Keynote Speakers
The IDEAL Conference welcomes a number of nationally recognized speakers. Among them:
The IDEAL Conference welcomes a number of nationally recognized speakers. Among them:
Saturday, April 6, 2024
Kimberlé Crenshaw, Civil Rights Activist & Feminist
Crenshaw is popularly known for her development of “intersectionality,” “Critical Race Theory,” and the #SayHerName campaign, and is a leading authority on civil rights; Black feminist legal theory; and race, racism, and the law. She is the most cited woman legal scholar in the history of the law and was named one of the ten most important thinkers in the world by Prospect magazine in 2019. In addition, Crenshaw writes a column for The New Republic and is a frequent contributor on MSNBC and NPR.
Crenshaw is the co-founder and executive director of the African American Policy Forum, a gender and racial justice legal think tank, the founder and executive director of the Center for Intersectionality and Social Policy Studies at Columbia Law School. She also serves as the Promise Institute Professor at the UCLA Law School and the Isidor and Seville Sulzbacher Professor of Law at Columbia Law School. She hosts the popular podcast Intersectionality Matters!, and since March 2020, has moderated the widely impactful webinar series Under The Blacklight: The Intersectional Vulnerabilities that the Twin Pandemics Lay Bare, which over five months has convened almost 20 times to discuss the lethal intersection of pre-existing inequalities, opportunistic disease, and police violence. The series is a snapshot of a uniquely disruptive moment in American history.
Based on interviews with the mothers of Black women slain by police, she has co-authored a play entitled “Say Her Name: The Lives that Should Have Been.” The plot entangles the stories of six women, victims of police violence and their mothers, to weave a tapestry of intergenerational loss, grief, resistance, and rebirth.
Crenshaw is a leading voice in calling for a gender-inclusive approach to racial justice interventions, and alongside the #SayHerName campaign, has spearheaded the “Why We Can’t Wait” campaign and co-authored Black Girls Matter: Pushed Out, Overpoliced and Underprotected and Say Her Name: Resisting Police Brutality Against Black Women.

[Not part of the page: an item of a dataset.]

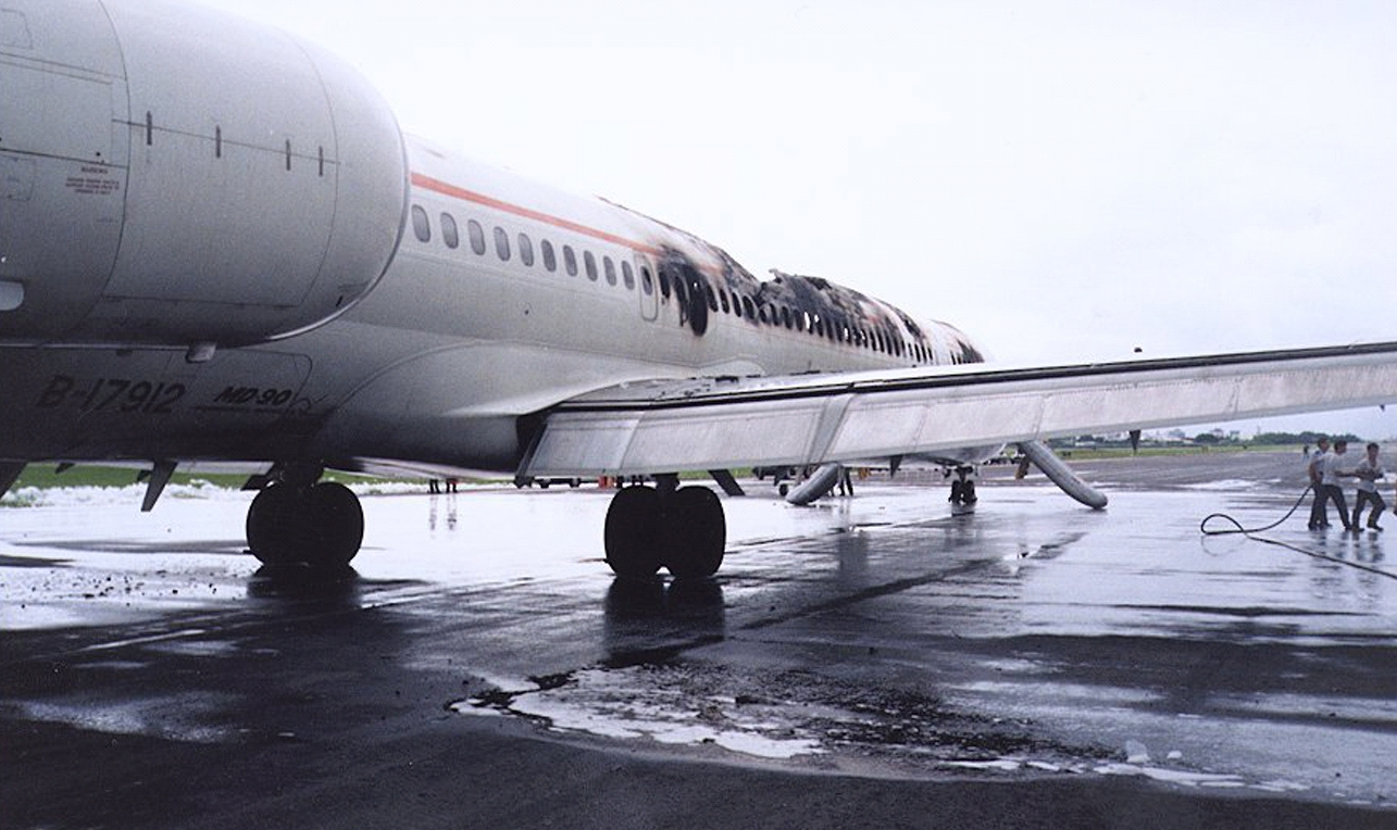 Uni Air Flight 873 landed at Hualien Airport and was rolling on Runway 21, when an explosion was heard in the front section of the passenger cabin, followed by smoke and then fire.

Her groundbreaking work on “Intersectionality” has traveled globally and was influential in shaping the South African equality clause. She has held visiting professorships at the London School of Economics and the European Institute and was the Fulbright Chair in South America. Crenshaw authored the background paper on gender and race discrimination for the World Conference on Racism and has given talks on race and gender justice around the world.
Crenshaw received her J.D. from Harvard, L.L.M. from the University of Wisconsin, and B.A. from Cornell University. She sits on the boards of VDay and the Algorithmic Justice League.